Further, policy change usually involves changing the drug policy guidelines, developing treatment guidelines, developing a training manual for health workers and implements, developing IEC materials, distribution guidelines, sensitization at the various levels, advocacy and lobbying with key stakeholders which requires documentation of the entire process and costing the process to help inform policy makers. Also the new drugs have to be procured and cost of the drugs, the procurement process and the distribution and regulation regarding the drug needs to be documented and the cost ascertained. Service delivery factors such as training health workers, private providers, supervision, and sensitization at the community level are all factors that will influence a country to want to change its drug policy.
Thus in order to capture and cost the process of policy change we will first review and collect data to document the process of policy change for antimalarial drug policy in each country.
Different levels of policy change will be identified and the process documented. Different levels of policy change such as the national, regional/provincial and the district levels are envisaged for the stakeholder interviews.
Data on the global drug subsidy in countries will be collated to document the process and the cost of this subsidy.
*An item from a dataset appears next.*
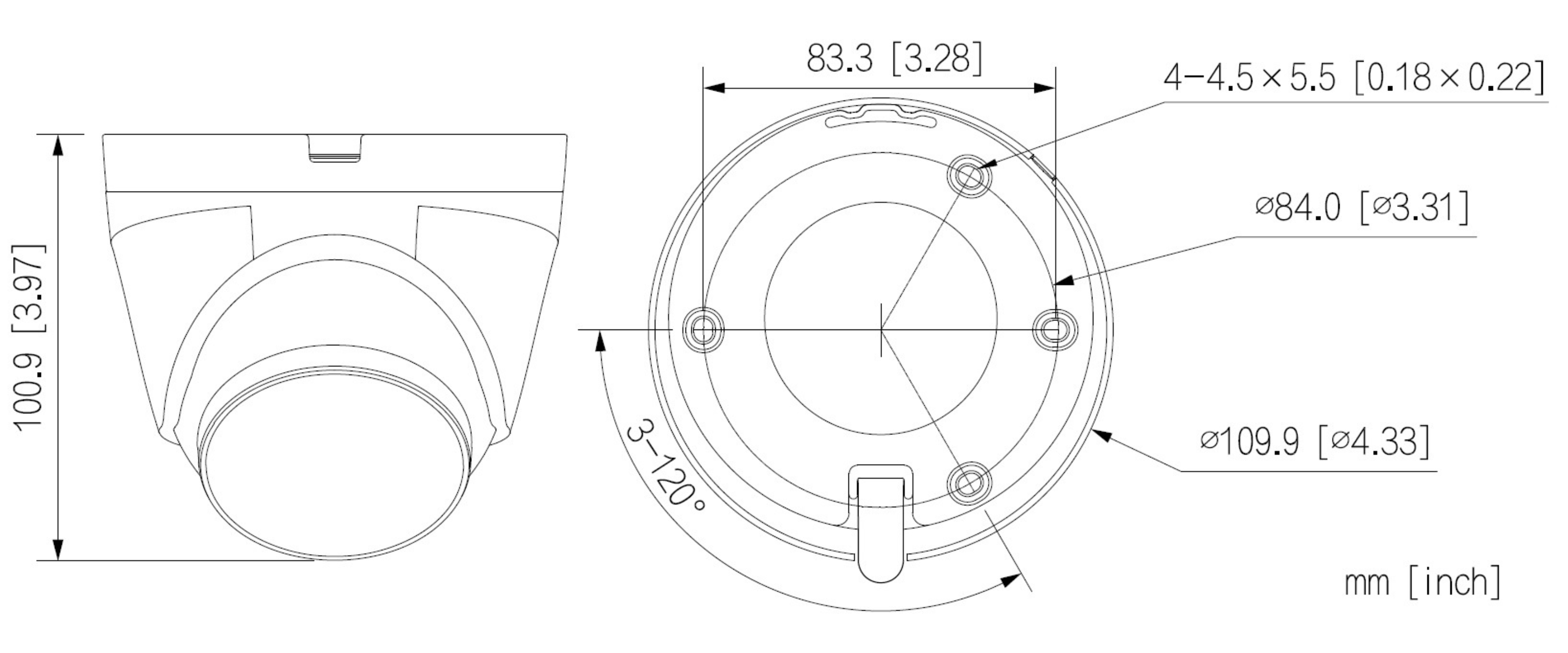 Resolution: 2560 x 1440, 2304 x 1296, 1920 x 1080 ; Sensor: 1/2.9 " ; View angle: 94 ° ; White light LED illuminator range: 30 m ; Range of IR illumination: 30 m ; Image compression method: Smart H.265+ ; Audio: Microphone built-in, Audio detection ; Power supply: PoE (802.3af), 12 V DC ;

District level contextual factors such as floods, drought, policy change at the district level that are likely to have an impact on the outcomes of the INESS studies should be observed, documented and the costs obtained in each district and site.
Community and Provider Acceptability
The qualitative research component for the INDEPTH Safety and Effectiveness Studies Platform is designed to provide insight into the contextual factors that affect people’s willingness and ability to seek care and provide appropriate treatment. To that end, the qualitative data collection activities for this project are conceptually integrated into the household and health facilities studies that are described in Modules 1 (Access), 3 (Provider Compliance), and 4 (Patient Adherence). To examine the social, cultural, and behavioral factors that facilitate or impede the uptake and adherence to new antimalarial combination therapies as they are introduced into real-life settings.
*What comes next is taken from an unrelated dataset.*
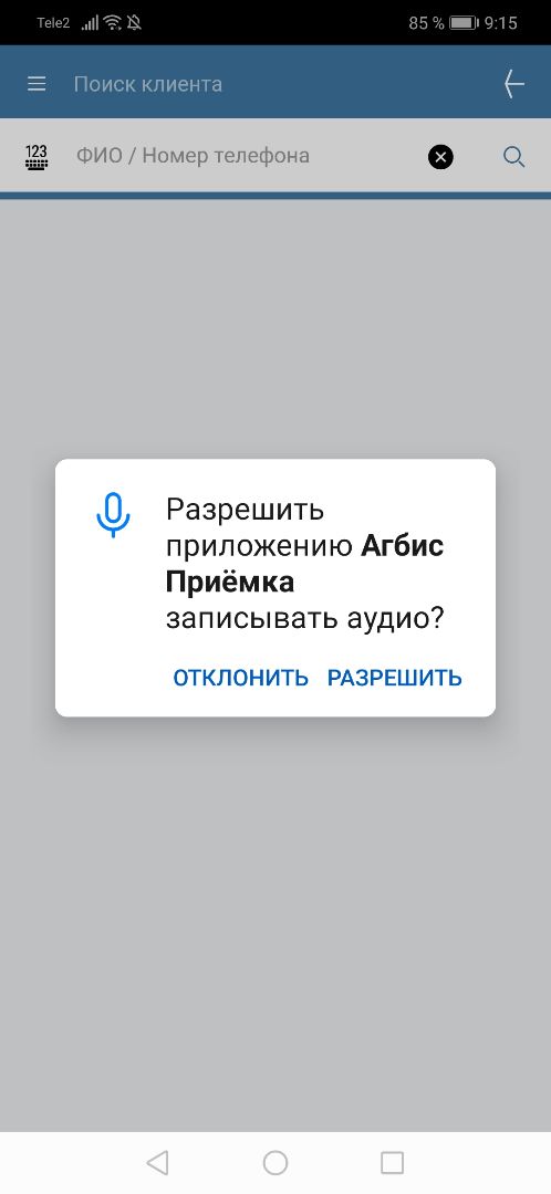 При первом оформлении заказа в Агбис Приёмка, приложение запросит разрешение на запись аудио, необходимо нажать "Разрешить".

Other measures of effects and contextual determinants of malaria
The main output of this module is to document and interpret the trends of mortality and morbidity taking into consideration all the factors. Controlling for confounders and effect modifiers will require documentation in trends of coverage of malaria preventive interventions such as ITNs, IRS coverage, and IPT. Other contextual determinants, including health system changes, which may act as confounders and/or effect modifiers will also be documented to the extent data is available. Depending on the intensity of transmission, widespread use of ACTs may reduce gametocyte rates and hence malaria transmission indices. Entomologic inoculation rates will be monitored in HDSS sites with entomology capacity. INESS will be able to determine the public health impact of treatment failure identified through data linkage and cohorts through several markers such as malaria associated morbidity as reported in health facilities and in household surveys.